Cyber safety mum is SA's award nominee

Written By Unknown on Selasa, 22 Januari 2013 | 21.29

IN recent years Sonya Ryan's life has been filled with grief and despair as she coped with the murder of her 15-year-old daughter Carly.

But instead of turning away from society, the Adelaide woman has worked tirelessly to prevent the same thing happening to other young Australians.

Ms Ryan established the Carly Ryan Foundation to promote internet safety through presentations in schools and universities and to support victims of cyber crime.

It is that work which has resulted in her being named the South Australian of the Year for 2013.

She says what happened to her daughter can happen to anyone.

"People that groom the young online are manipulating and controlling.

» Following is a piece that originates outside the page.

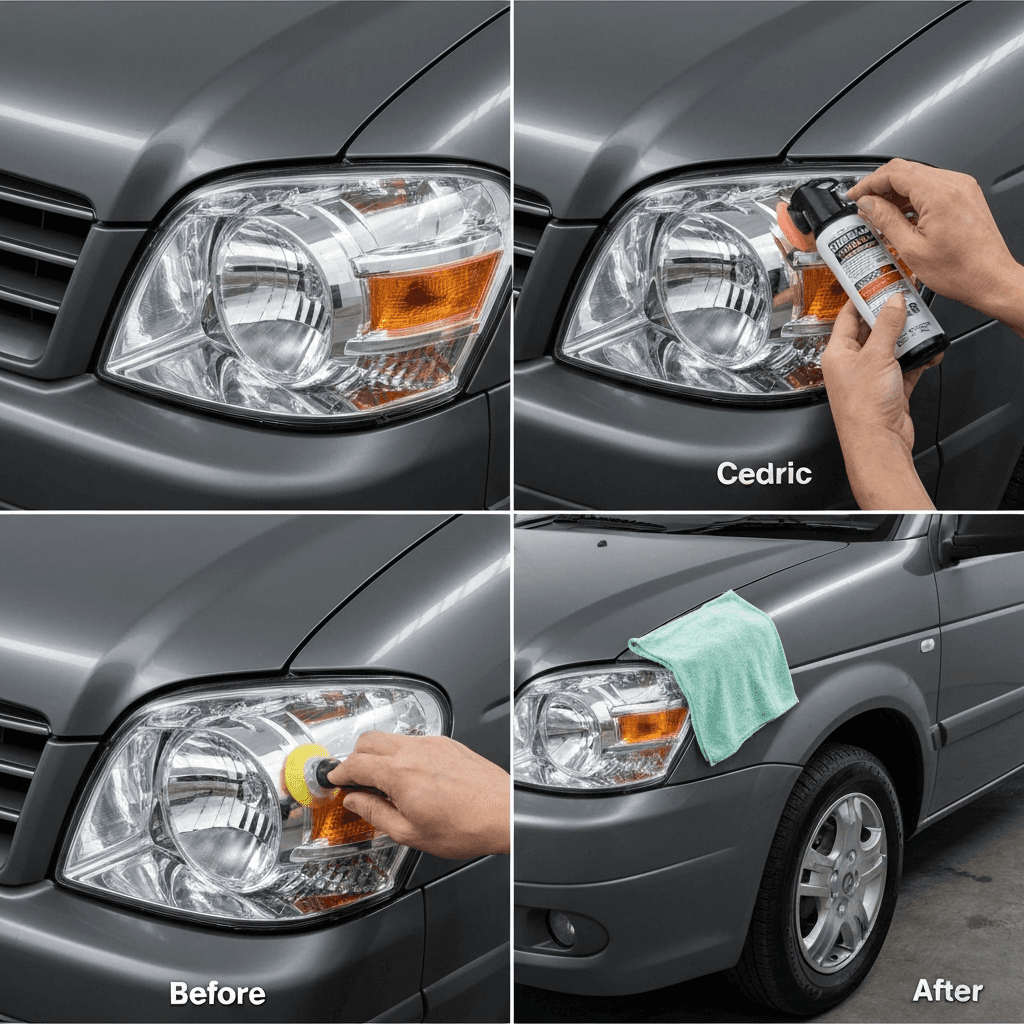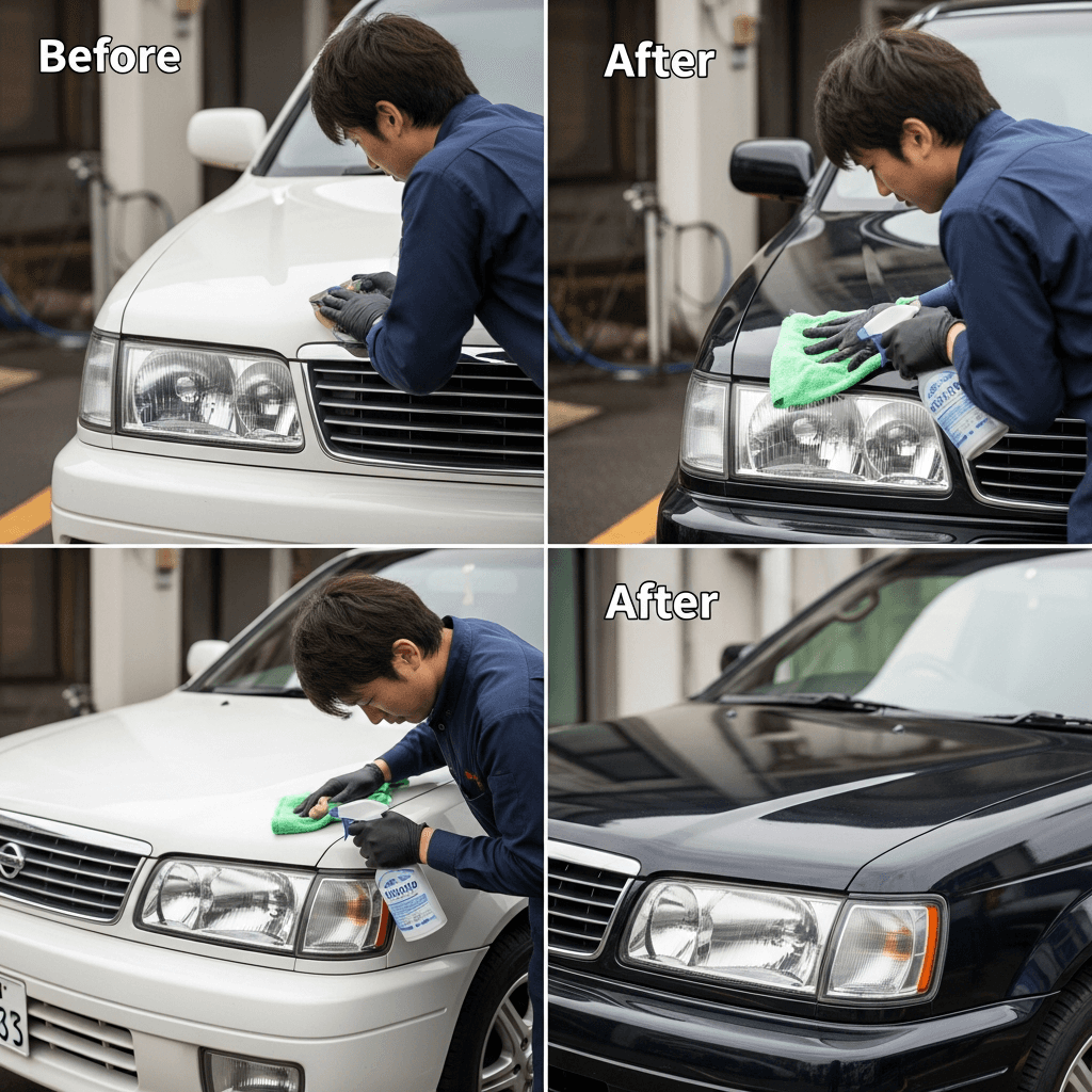 セドリックバンはヘッドライトの黄ばみとボディの鉄粉が第一印象を損ねます。研磨+鉄粉除去クリーナー+ワックスで輝きを取り戻せば「程度良好」と判断され+4~7万円の効果。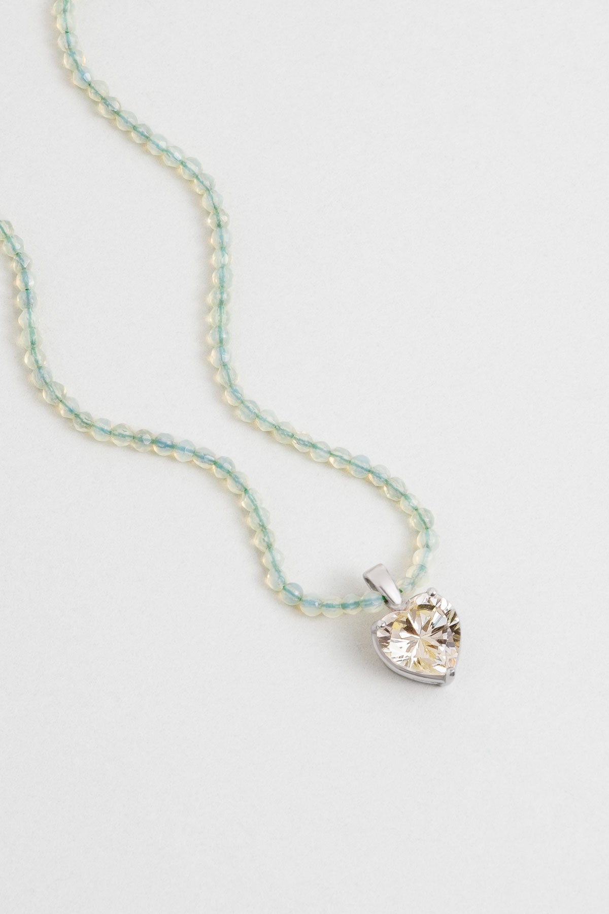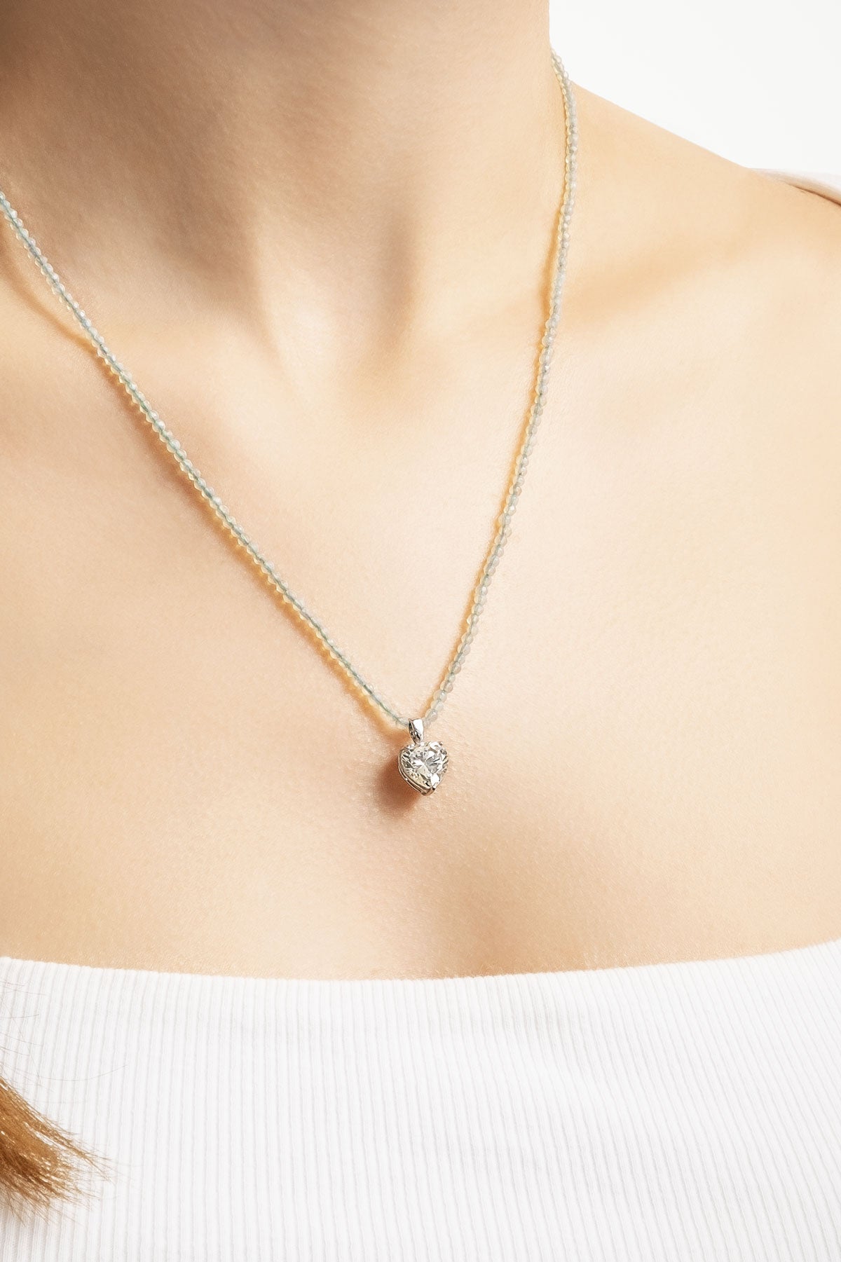 Prehnit Kalp 18 Ayar Beyaz Altın Kaplama 45 Cm Gümüş Kolye 07309049199

They know exactly how to target a child," Ms Ryan says.

"They become the most important person in that child's life, then use that trust to do whatever they like to their victim."

In the case of her daughter, the pedophile was Garry Francis Newman, a middle-aged Victorian man who is serving a minimum of 29 years for murder.

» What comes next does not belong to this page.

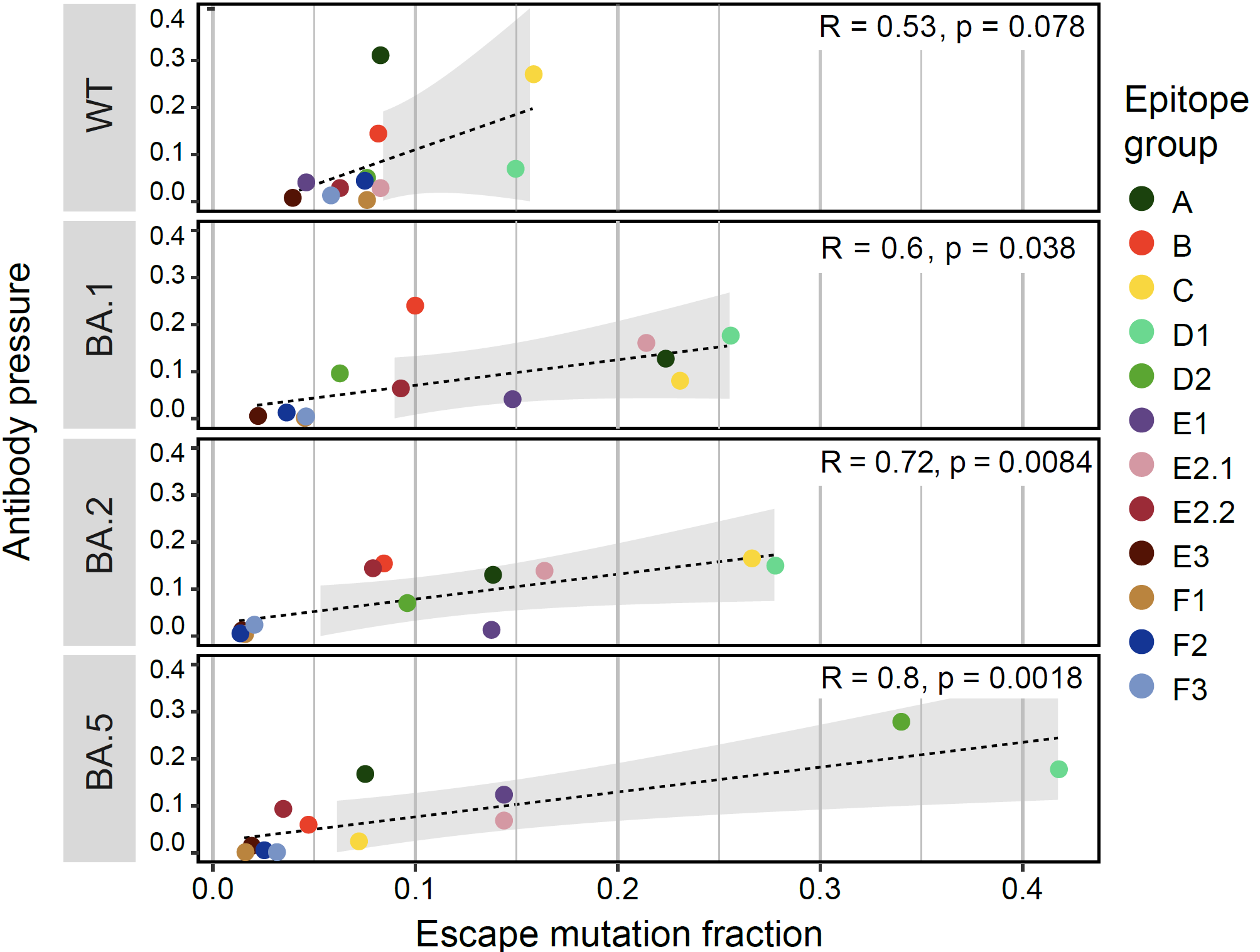 該研究對2019年至2022年的600萬條新冠病毒基因組進行了分析。研究發現,除了埃爾法(Alpha)和奧密克戎(Omicron)變異株出現帶來的突變數目劇烈升高外,新冠病毒基因組進化速率基本保持穩定。然而,隨著時間的推移,新增突變逐漸集中在受體結合區域(RBD),導致該區域的進化速率加快。同時,研究發現RBD區域的突變呈現出明顯的株系特征,即有近似RBD序列的變異株傾向發生相同的突變,而這種特征在RBD以外的基因組區域未觀察到。隨后,研究使用了深度突變掃描技術(Deep Mutation Screening)數據來評估新冠病毒RBD區域不同突變的免疫逃逸力。分析發現,不同病毒株系發生的突變逃逸的抗體類型存在明顯差異,并且不同抗原表位受到的抗體免疫壓力與該區域內發生免疫逃逸的頻率呈正相關。隨著時間的推移,這種相關性不斷增強(在BA.5變異株中的皮爾遜相關系數為0.8),這表明人群中由疫苗接種和自然感染引起的免疫壓力可能是近期新冠病毒進化的主要驅動力。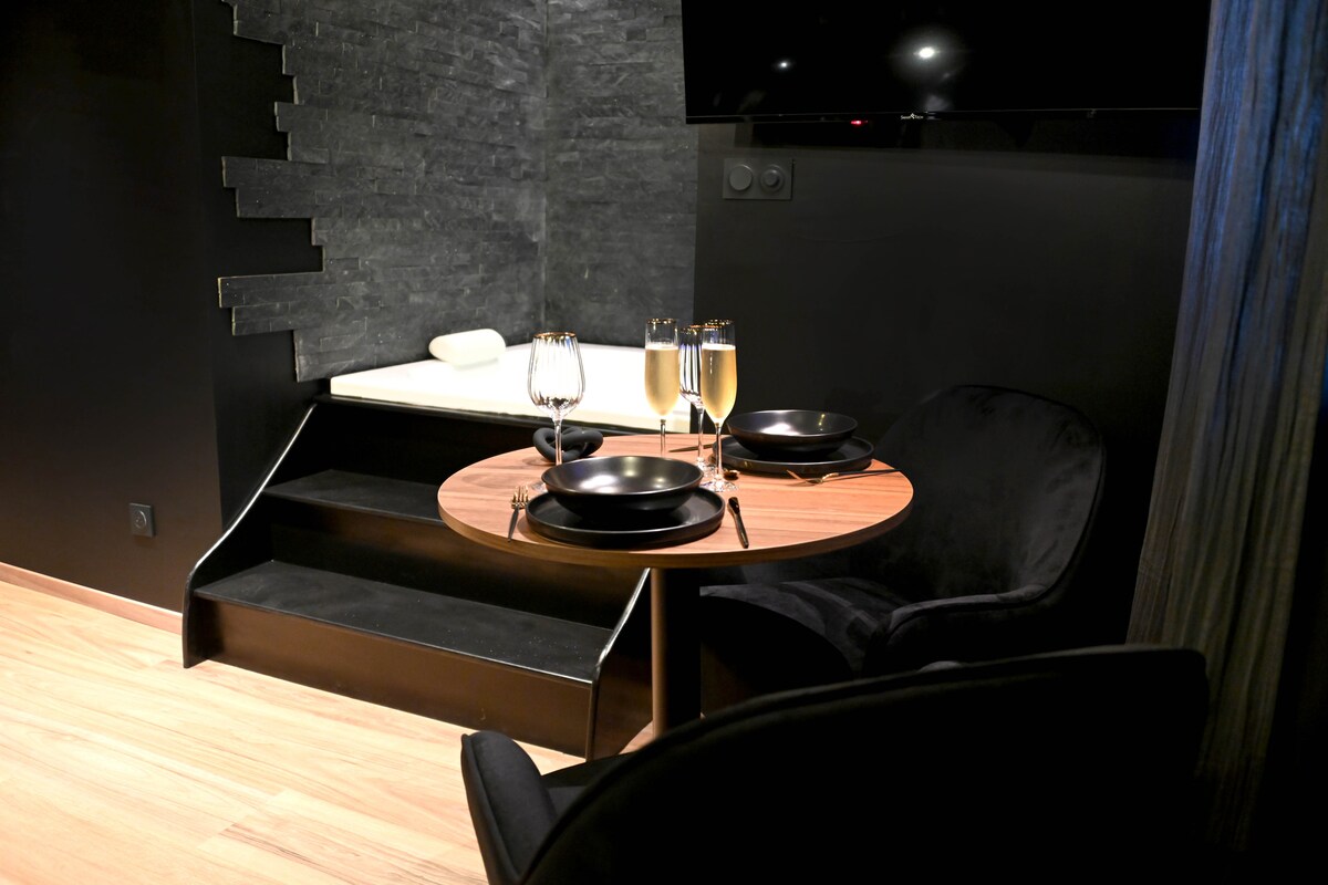 Bienvenue à la BATROOM, Une suite immersive inspirée de l’univers Batman. Plongez dans une ambiance sombre et élégante avec grand lit confortable, balnéo privative et véritable salle cinéma équipée d’une très grande TV pour une expérience spectaculaire. Idéal pour une soirée en amoureux ou entre fans.

In 2007 Newman used a cyberspace alter-ego, "Brandon Kane", to communicate with Carly after meeting her through a gothic vampire website.

The teenager fell in love with the fictitious guitarist who portrayed himself as a member of the "emo" subculture.

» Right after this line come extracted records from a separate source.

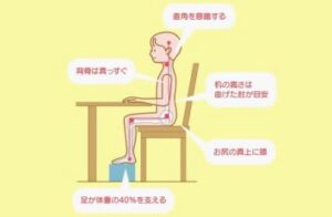 足裏がしっかり床につくように椅子の高さを調整する(足がぶらぶらしない)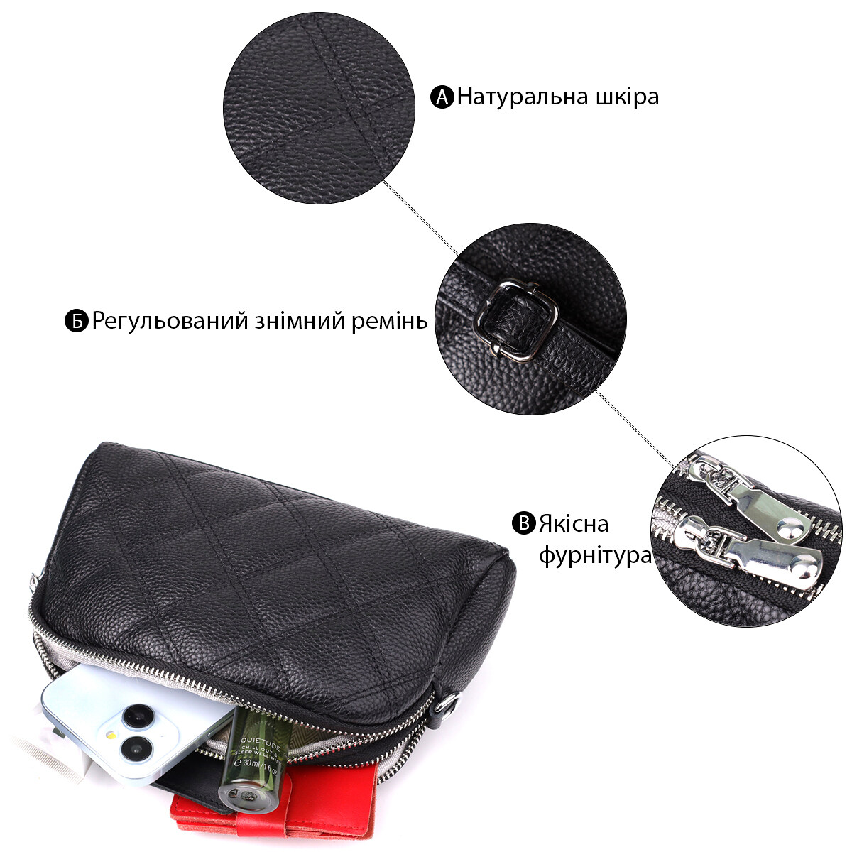 Стильна фурнітура сріблястого кольору гармонійно підкреслює сучасний дизайн виробу. Знімний шкіряний ремінь дозволяє носити сумку як на плечі, так і через плече, забезпечуючи комфорт у повсякденному носінні.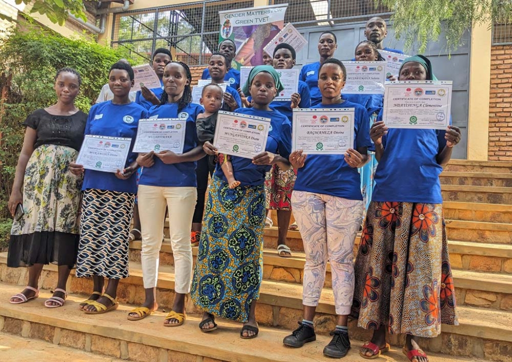 Kigali, Rwanda - June 2025 - Joy, pride and a renewed sense of belonging filled the air at the Don Bosco Muhazi vocational training school, where young mothers and vulnerable youth gathered to receive their certificates from the six-month short course in agriculture supported by the Gender Matters for Green TVET transformative project. The graduation ceremony, held at the school, brought together students and teaching staff, all united by a common belief in the power of second chances and empowerment based on skills. The event represented a historic milestone for many young mothers and disadvantaged youth graduates, particularly those who overcame enormous personal and social challenges to pursue a formation in sustainable agriculture. In his keynote address, Ahobantegeye Theodore, Director of Studies at Don Bosco Muhazi Vocational Training School, congratulated the graduates and applauded their resilience and determination. At the end of the ceremony, the new graduates received, in addition to their certificates, an agricultural starter kit, symbolising not only their success but also a new beginning. Many expressed interest in setting up cooperatives and even starting small agricultural enterprises.

But when Newman, posing as Brandon Kane's father, travelled to Adelaide in February 2007 in a bid to fulfil his sexual fantasies, Carly rejected his advances.

Evidence at the trial revealed she had been bashed, suffocated and placed in the water at Port Elliott, south of Adelaide, where she drowned.

As part of her ongoing campaign Ms Ryan wants online safety to become a compulsory component of the national education curriculum.

She has also thrown her support behind proposed new federal laws that would make it illegal for adults to lie online about their age to meet children.

Independent senator Nick Xenophon plans to introduce legislation into parliament when it resumes in February to reform existing grooming laws.

Called Carly's Law, after Ms Ryan's daughter, the legislation is expected to be referred to a Senate inquiry.

"The problem with current grooming laws is that the police have to prove the predator has contacted the child with a sexual purpose," Senator Xenophon says.

"This reform will make it much easier to protect children."